P. H. : Le cours se fonde sur l’approche comparatiste, selon le modèle de PSIA et de Sciences Po en général. Nous étudions les différents modèles mis en place dans les démocraties libérales. C’est un vrai cours de politique publique, et pas uniquement de techniques de renseignement. On joue sur les deux facettes du terme anglais “intelligence studies”. Le cours porte à la fois sur la politique de renseignement, et la politique du renseignement. D’un côté, le renseignement comme un outil de politique publique, dont la mobilisation s’impose. De l’autre, l’étude d’un objet compliqué, difficile à cerner, que certains ont même défini comme « sale » et qui justifie une vigilance particulière. Cela impose de comprendre le fonctionnement de  la machinerie du renseignement, et en particulier de ses conditions de pilotage et de contrôle.

  • Quels sont les modèles que vous étudiez ?

P. H. : C’est d’abord, évidemment, le modèle anglo-saxon qui s’impose, car il est bien connu et documenté. Mais nous étudions d’autres expériences intéressantes et moins connues comme le modèle espagnol, allemand ou canadien. On théorise le modèle français grâce à ces comparaisons. Et nous faisons intervenir des praticiens : le directeur général de la DGSE française, mais aussi des responsables de services étrangers.

  • Quel est l’objectif pour vos étudiants ?

P. H. : L’objectif professionnel, c’est de permettre à ces futurs acteurs dont la plupart vivront et travailleront à l’étranger d’interagir sans fantasmes avec les professionnels du renseignement. Pour cela, il faut avoir compris ses fondamentaux. Mais les perspectives d’évolution des services montrent qu’une familiarisation avec le sujet peut aussi constituer un débouché nouveau et intéressant pour ces diplômés. Les agences de renseignement recrutent de plus en plus de contractuels, et ce sont des services qui grandissent très vite, avec des besoins en recrutement plus élevés que ceux des Ministères des Affaires Étrangères ou de la Défense !

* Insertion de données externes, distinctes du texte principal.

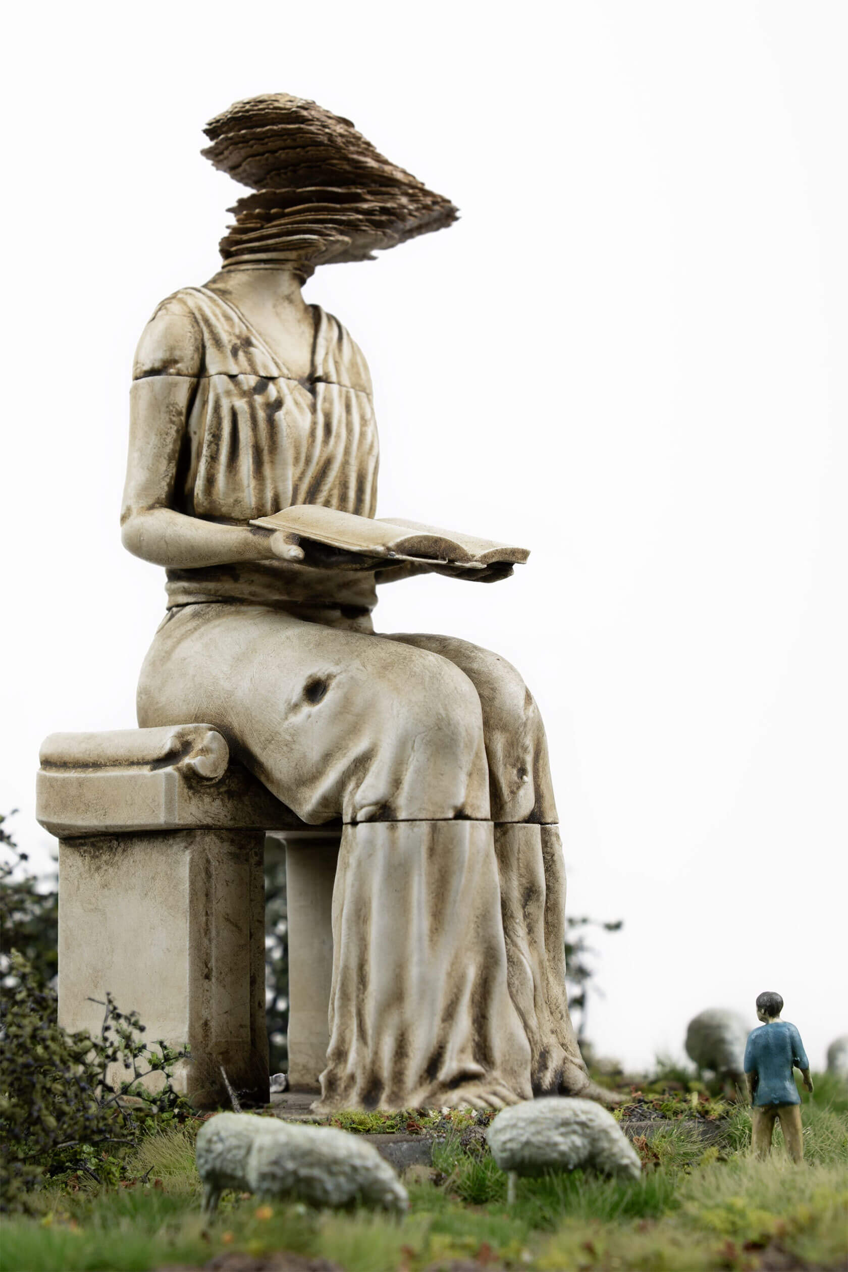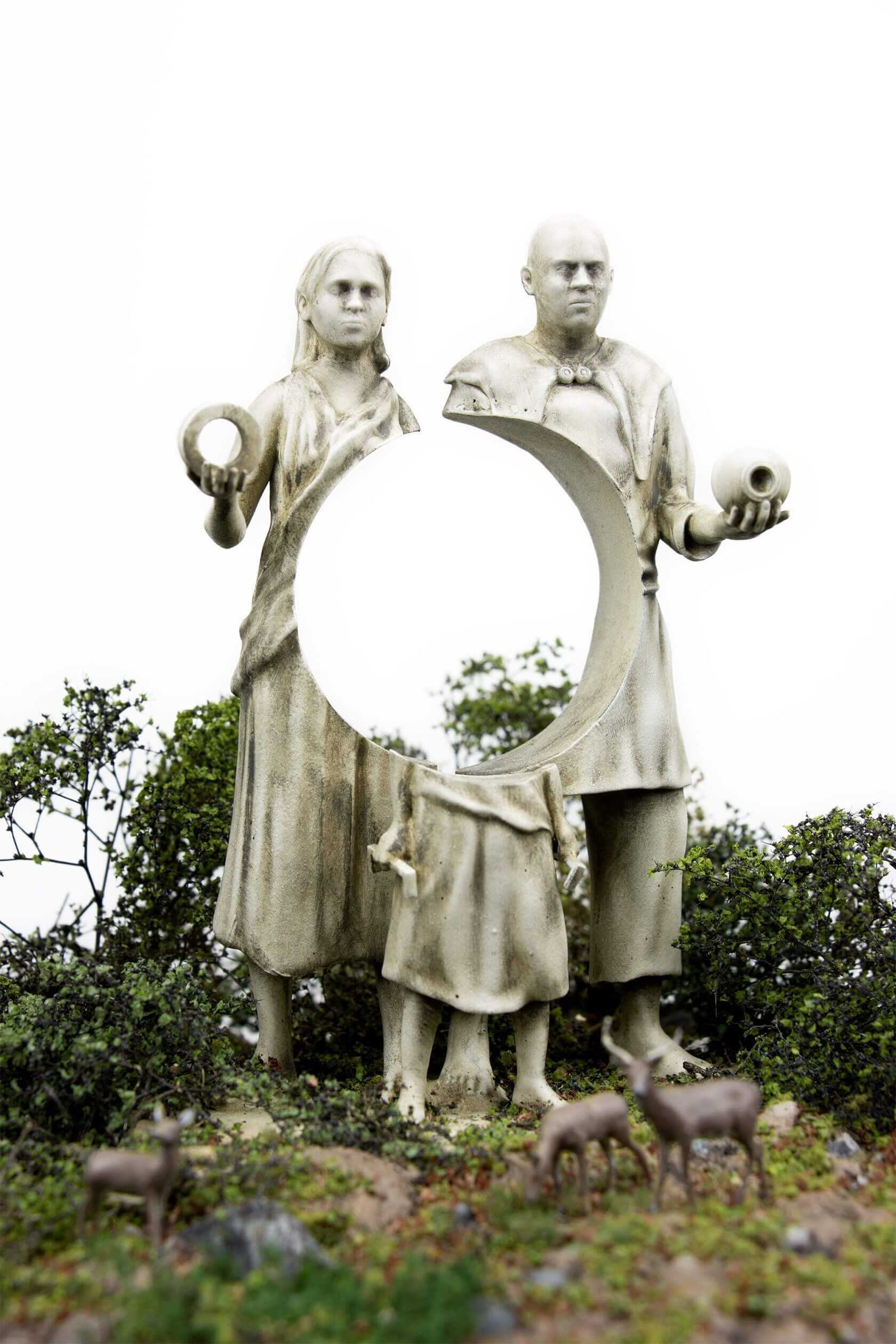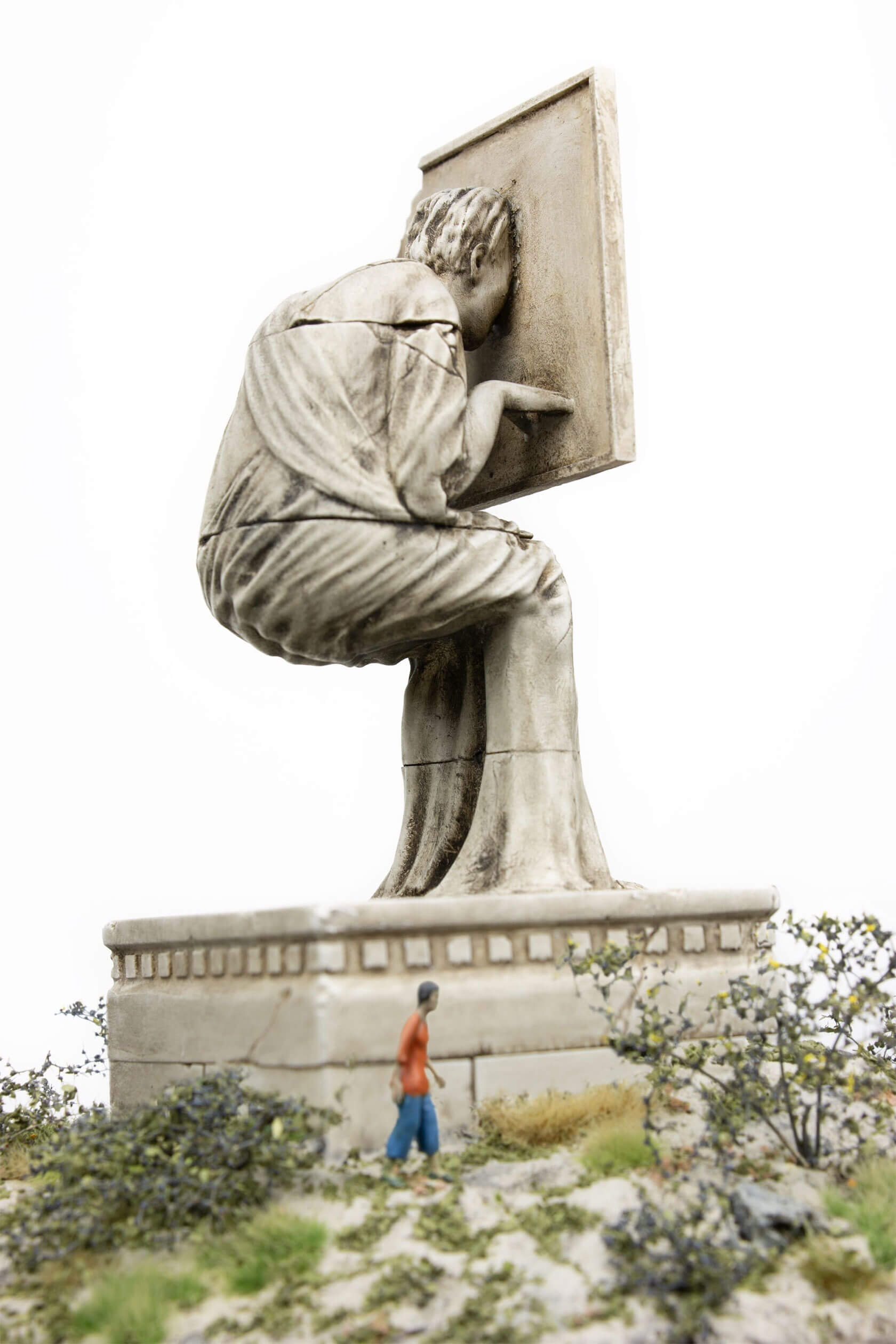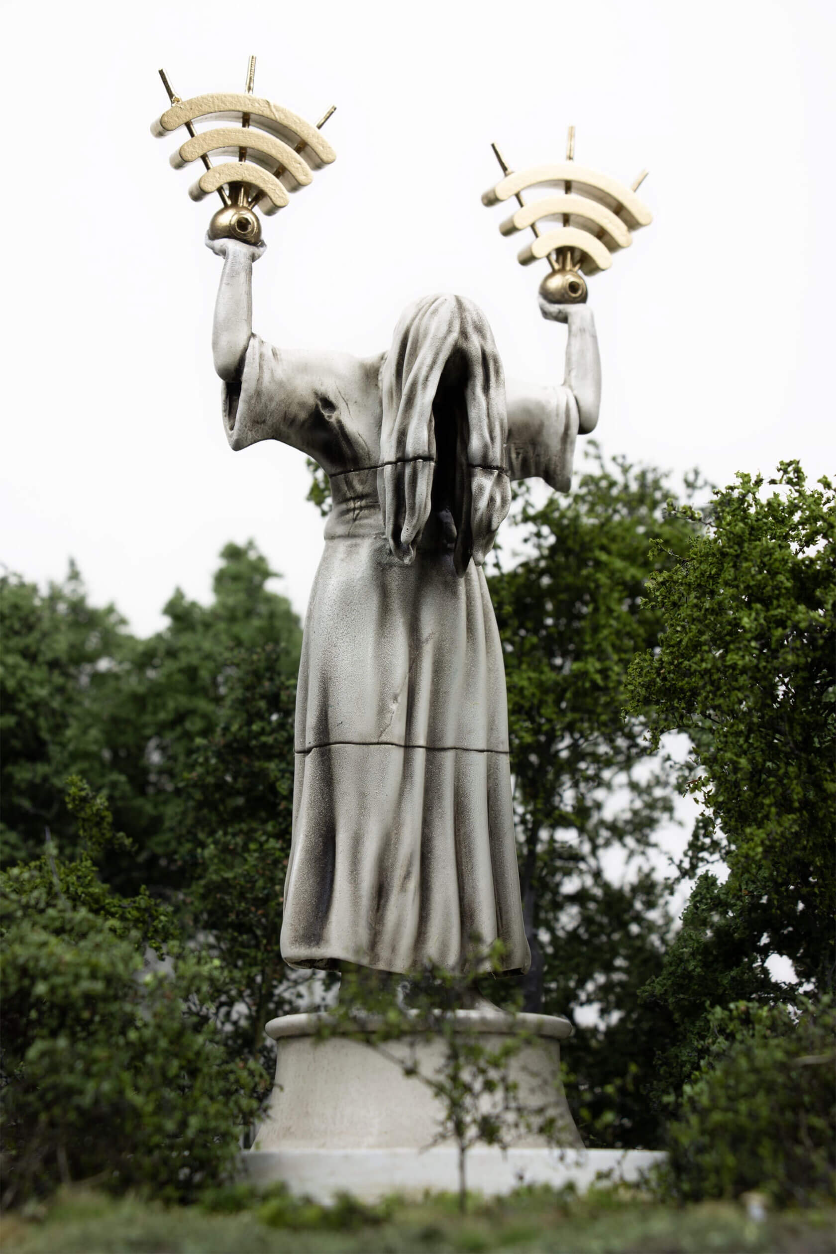 The works take the form of weathered, classical-style sculptures scattered across tiny landscapes, each one embodying a digital concept that has shaped our era. Figures stare into handheld devices that pierce their faces with beams of light, raise Wi-Fi symbols like sacred offerings, or bear heads transformed into scannable codes. Titles like Infinite Scroll, Clickthrough Rate and Bad Gateway hint at the everyday systems we take for granted, and how they might become future myths, cautionary tales or objects of worship.

Mais, quel que soit leur projet de carrière, il nous semble cependant essentiel de rappeler que nous nous adressons avant tout à de futurs citoyens des démocraties, qui doivent se doter du vocabulaire et de la boîte à outils nécessaire pour se positionner sur un sujet aussi sensible. Ce qui nous paraît important, c’est de développer le sens critique des étudiants, de stimuler leur réflexion par rapport à une actualité très riche et qui déclenche souvent plus d’émotion que de raison.

  • C’est le cas avec la loi qui vient d'être adoptée sur le renseignement...

P. H. : Oui, et la polémique qu’elle suscite montre bien la difficulté à avoir une attitude raisonnée commune sur ce sujet, parce qu’on est trop soit dans l’ignorance, soit dans le fantasme. En fait, cette loi aborde les mêmes questions que notre cours : à quoi sert le renseignement ? Dans quel objectif ? Quelles sont au sein de l’Etat les structures habilitées à le pratiquer ? Avec quelles techniques ? Sous quel contrôle ? On peut naturellement Avoir des avis divergents sur telle ou telle aspect de son contenu, mais ce projet permettra à la France de ne plus être pratiquement la seule démocratie à ne pas avoir de cadre juridique en la matière. Cette loi a le mérite d’en proposer un, même si c’est trop peu, et trop tard : l’Allemagne l’a fait en 1990 et le Royaume-Uni en 1994…

  • Cette loi répond-elle à un besoin ?

P. H. : La réponse peut être discutée, mais il était vraiment nécessaire qu’on se dote de ce cadre. Le renseignement sort d’un cycle de 25 ans de contre-terrorisme majoritaire. Pour la plupart des citoyens, il sert à les protéger dans le métro. Ce doit naturellement être le cas, dans la mesure du possible, mais son rôle ne se réduit pas à la sécurité : le renseignement permet aussi de garantir l’autonomie des nations, en leur permettant, par exemple, de vérifier les engagements diplomatiques. Cette loi permet de savoir comment positionner le renseignement dans les années qui viennent : c’est un signe de maturité démocratique qu’accepter de répondre à ces questions fondamentales.